AT BEST, Prime Minister Bruce Golding's call for a review of the constabulary's use-of-force policy is cosmetic and a sap to the family of the most recent victim of alleged police excess. Or, Mr Golding genuinely misses the point, which makes his intervention naïve, which is worse.
For incidents like Thursday afternoon's accidental shooting by the police of an 11-month-old child are often not the result of the constabulary's policy on how and when its members are allowed to apply lethal force. These, after all, are clear, are often repeated and meet international standards.
The police are allowed to shoot when their own lives or the lives of others are in danger, but they must also be mindful of the safety and security of others when they contemplate deadly force. Simple!
Well, not quite, when it comes to application. Jamaican cops, for the most part, appear to lock that part of their training away once they leave the Police Academy; or they pay little or no attention to the reminders that appear in the Force Orders, as former police chief Francis Forbes caused to happen with much fanfare.
Mr Forbes' action, it should be recalled, was after a passenger in a bus, which was not appropriately licensed, was shot by the police who opened fire on the vehicle, ostensibly because the driver had failed to stop. There was the incident in Half-Way Tree, too, of a taxi driver being shot in a mall in similar circumstances. Now, this: A child being killed by a stray bullet fired at an illegal taxi in Spanish Town which did not stop. As usual, the police claim they were fired on first from the car.
The point is, this is not fundamentally about the use-of-force policy; it is, rather, about the culture of an organisation that remains largely paramilitary in structure, feels itself under siege and is imbued with arrogance. There is something of a Rambo syndrome in the constabulary - walk heavy, talk loud, hang tough.
The new police commissioner, Rear Admiral Hardley Lewin, has much work to do if he is to lead an institution that has public trust and is capable, as he promised, of fulfilling its mandate of preventing and prosecuting crimes.

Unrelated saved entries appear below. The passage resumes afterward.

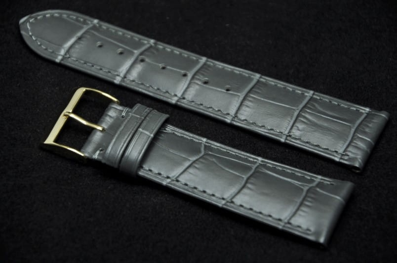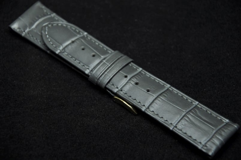 Wykonany z naturalnej skóry, imitacja skóry aligatora. Przeszyty nicią w kolorze paska. Płaski, miękki, bardzo elegancki pasek. Licowa, gładka futrówka. Podwójna szlufka. Stalowa klamerka.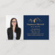 Luxury Professional business card for Real Estate Agents and Realtors, with key and a house in gold colour. You can add or insert your photo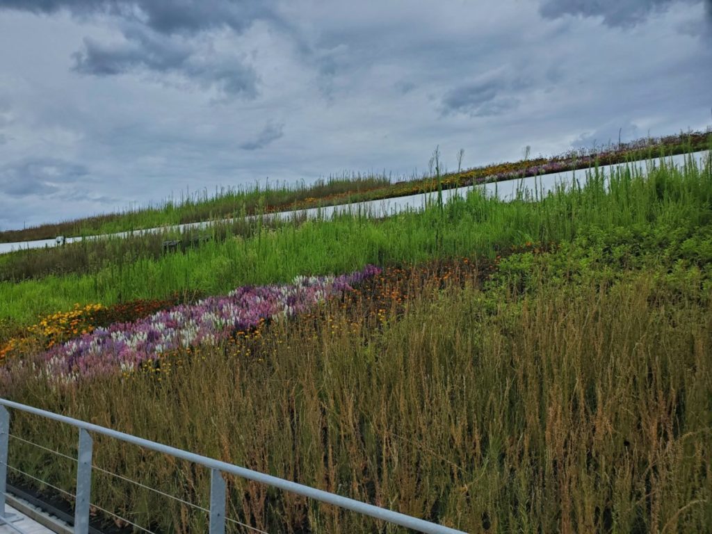 リングの上で驚いたのは、ただの通路かと思っていた場所が、植栽が施されて自然と一体感を覚える空間になっていたことです。下を眺めれば、パビリオンの位置関係も把握しやすいので、迷った時に上ってみるのもおすすめです。
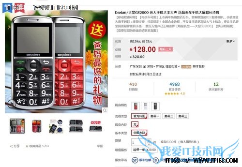 【IT168 行情】大显GST2000上市两年热销几百万台依然火爆热销的经典老人手机,拥有太多让您选择的理由。1500mAh的超大容量电池,超过90天的极限待机时间;音响级别的BOX腔体喇叭,手机音量大而不刺耳;质量过硬,性能稳定,几百万台千分之一的超低返修率!金属合金边框,不仅让手机更高端大气上档次,更让手机更坚固更耐摔更具手感! 目前,商家雅马亚虎,天猫店铺老人机大显GS2000再爆史上最低价,满126元减23元,实际售价105元,很优惠的哦!最后三天过期不候。点击购买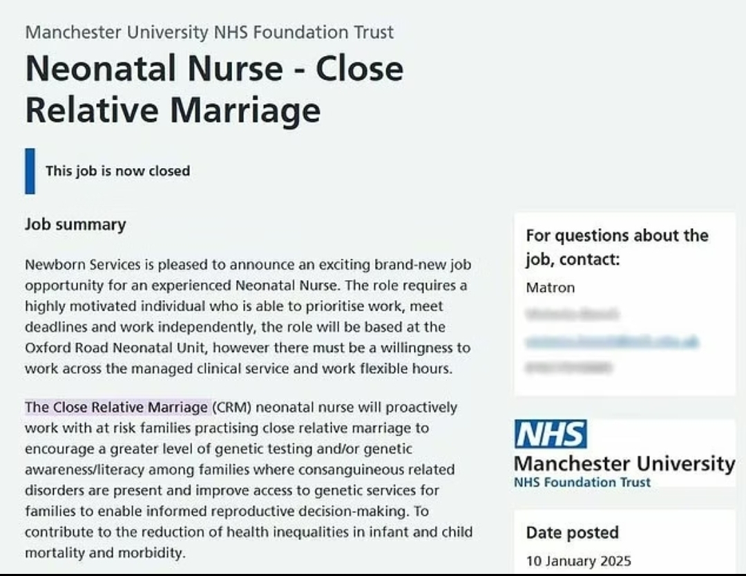 >>219175546https://www.dailymail.co.uk/news/article-15542941/Manchester-NHS-Trust-advertises-job-neonatal-nurse-help-families-practice-close-relative-marriage.html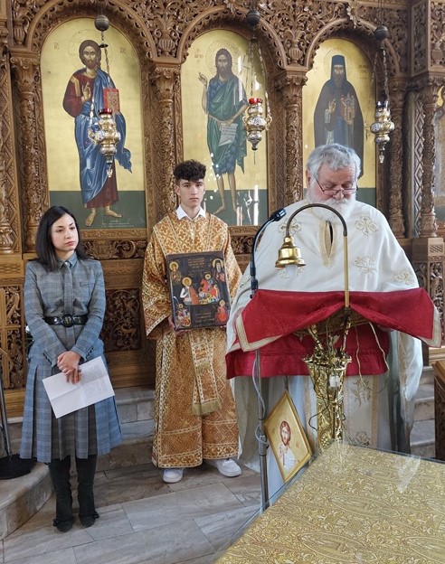 Κυρία Γεωργία Γραίκου, η Ενορία μας ως δείγμα τιμής και αναγνώρισης της αξιέπαινης επιστημονικής σας προσπάθειας, σας επιδίδει ως ευλογία και αναμνηστικό από το φετινό 28ο ΑΝΤΑΜΩΜΑ, μια εικόνα η οποία έχει στο κέντρο της τον Άγιο Δημήτριο για τον Ιερό Ναό του οποίου, κοπιάσετε τόσο πολύ κατά τη διάρκεια της έρευνας και συγγραφής της μεταπτυχιακής σας εργασίας. Επίσης, στις 4 γωνίες της ιερής εικόνας απεικονίζονται: η Αγία Παρασκευή Προστάτις και Πολιούχος της Ενορίας μας, ο Άγιος Γέωργιος ο Χιοπολίτης, ο οποίος αποτελεί τον προσωπικό σας Άγιο και στην μνήμη του οποίου γιορτάζετε την ονομαστική σας εορτή, ο Άγιος Διονύσιος εν Ολύμπω, Προστάτης και Έφορος της Πιερίας μας και η Αγία Αικατερίνη, Προστάτις και Πολιούχος της πρωτεύουσας του Νομού μας.
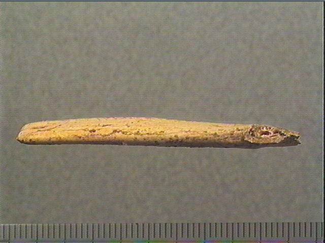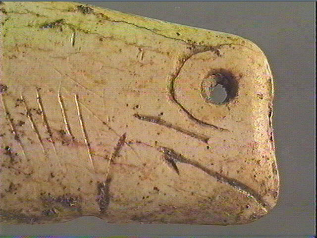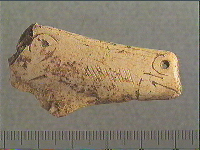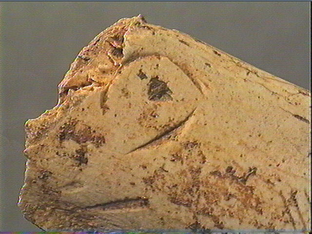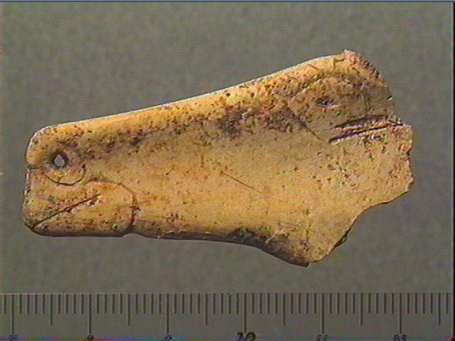 Incision en v dissymétrique moyenne. Tête de cheval découpée, gravée et perforée : oeil et paupières, museau carré, narine perforée, bouche en crochet, joue ombrée.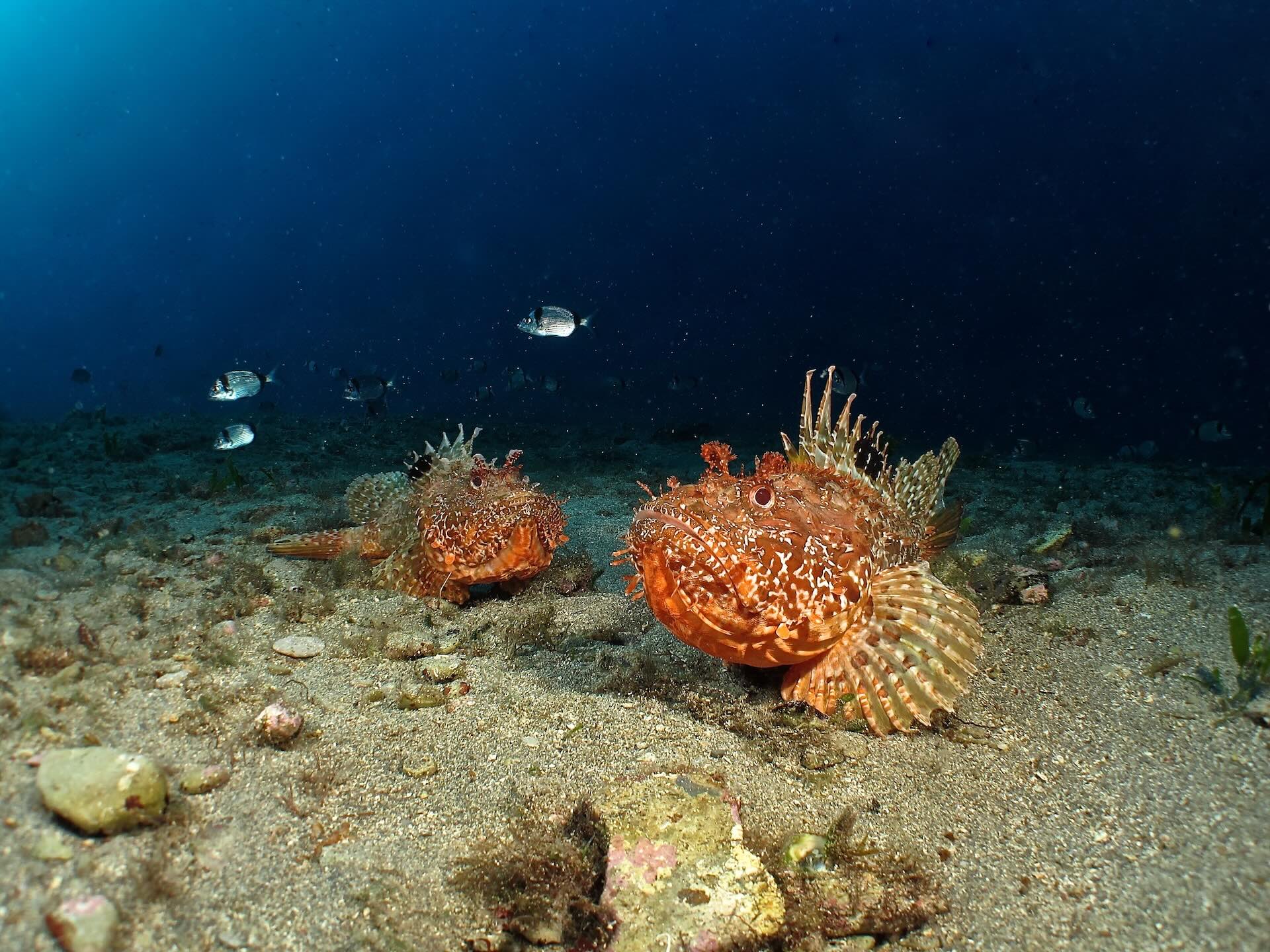 Der Tauchgang beginnt mit einem eindrucksvollen „Sprung ins Blau“, der uns auf 30 Meter Tiefe führt. Anschließend gliedert sich die Route in zwei Abschnitte: Der erste verläuft entlang der tiefen Wand, der zweite führt nach dem Überqueren eines Posidonia-Plateaus zurück in Richtung Kap Penisola. Hier kann man in geringer Tiefe beim Rückweg zum Boot Stickstoff abbauen und dabei die reiche benthische Fauna genießen – darunter Nacktschnecken, Oktopusse, Muränen und zahlreiche kleine Zackenbarsche.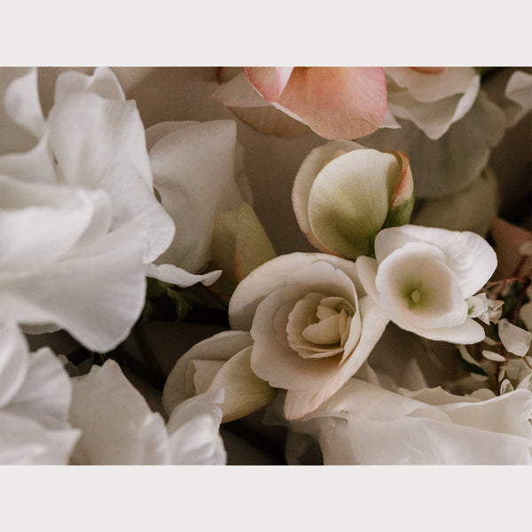 Inspired by Spring blooms such as ranunculus, cosmo, poppy, begonia, pieris, stock and tulips, layered in soft romantic textures. Love Letter is the combination of white and cream Spring florals with hints of soft and peachy pinks. Learn more about Alice de Crom here.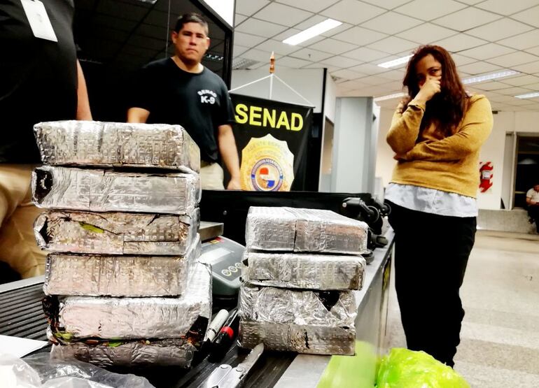 La fiscala que encabezó el procedimiento, Lorena Ledesma, explicó anoche en el programa Momento Justo de radio ABC Cardinal 730 AM que la compatriota Zully Beatriz Orué, de 34 años, pretendía hacer pasar la droga escondida entre plantas de menta’i.

Such an organisation has to be disciplined and founded in accountability.
Jamaican police often face hardened criminals who have no qualms about firing at them; but we expect constabulary officers to exercise discipline and professionalism, to which gunmen are not privy. In that regard, continuous training is critical for constabulary officers. And members of the police force must be held accountable for their actions - whether it is the management failures of a senior officer or an irresponsible shooting by a beat cop.
Building this discipline depends, in part, on the quality of recruits. Hence, Justin Felice's suggestion is worth considering. As the new head of the police anti-corruption arm says, rather than build the force by another 4,000 to 12,000, the numbers should be left as they are and the resources used to pay them better. We can then expand when it is affordable.
At the same time, the police chief must be empowered to hold his officers accountable. There has to be an easing of the rigidness with which officers, no matter what they do, or fail to do, can be fired.
These are the issues which we believe should exercise Mr Golding and his security minister.